Using response variable as Expenses per car mile (pence), covariate as Receipts per car mile (pence), doing the following analysis.
names(d)
## [1] "Expense" "Car_mile" "DoubleDecker" "Fleet"
## [5] "Receipts"
plot(Receipts,Expense,pch=20)
cor(Receipts,Expense)
## [1] 0.7868772
model4=lm(Expense~Receipts)
summary(model4)
##
## Call:
## lm(formula = Expense ~ Receipts)
##
## Residuals:
## Min 1Q Median 3Q Max
## -1.91091 -0.56057 0.09436 0.41483 2.62151
##
## Coefficients:
## Estimate Std. Error t value Pr(>|t|)
## (Intercept) 8.65846 1.60108 5.408 1.97e-05 ***
## Receipts 0.47987 0.08024 5.981 5.10e-06 ***
## ---
## Signif. codes: 0 '***' 0.001 '**' 0.01 '*' 0.05 '.' 0.1 ' ' 1
##
## Residual standard error: 0.9061 on 22 degrees of freedom
## Multiple R-squared: 0.6192, Adjusted R-squared: 0.6019
## F-statistic: 35.77 on 1 and 22 DF, p-value: 5.097e-06
abline(model4)
lines(lowess(Expense~Receipts))
library(HH)
ci.plot(model4)
anova(model4)
## Analysis of Variance Table
##
## Response: Expense
## Df Sum Sq Mean Sq F value Pr(>F)
## Receipts 1 29.365 29.3648 35.769 5.097e-06 ***
## Residuals 22 18.061 0.8209
## ---
## Signif. codes: 0 '***' 0.001 '**' 0.01 '*' 0.05 '.' 0.1 ' ' 1
confint(model4,level=0.95)
## 2.5 % 97.5 %
## (Intercept) 5.3380250 11.9788852
## Receipts 0.3134688 0.6462633
plot(model4$residuals,pch=20)
points(model4$residuals,type="h")
abline(h=0,col="red",lwd=3)
par(mfrow = c(2,2))
plot(model4)
As we can see that the p-value is highly significant as the value is very small compared to 0.05. The residual plot shows that there is a random pattern in the residuals indicating that the deterministic portion that is (predictor variables) of the model is capturing useful information. The null hypothesis states that the slope is equal to zero. We reject the null hypothesis.
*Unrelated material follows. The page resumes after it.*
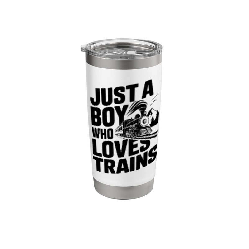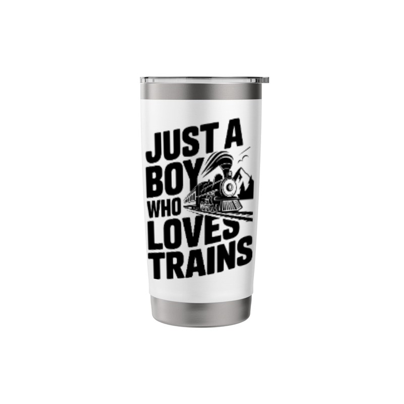 Just a Boy Who Loves Trains Funny Retro Steam Engine Stainless Steel Insulated Tumbler

As we can see from the analysis model2(answer 6.2) and model4(answer 6.4) are significant models and are able to explain the variablility in the data. The other two models model1 and model3 are not able to explain the variability of data. This shows that the variability in response variable ‘Expense’Expenses per car mile (pence)’ can be explained by the co-variates ‘Percent of Double Deckers in fleet’ and ‘Receipts per car mile (pence)’. So in a real life example,the Cross-sectional analysis of 24 British bus companies (1951) shows that the expenses per car mile cannot be explained by the number of miles a bus travels over the year or the percentage of buses on fuel. The expenses can be significantly explained by factors such as number of double decker buses in the fleet and the receipts per car mile over the year.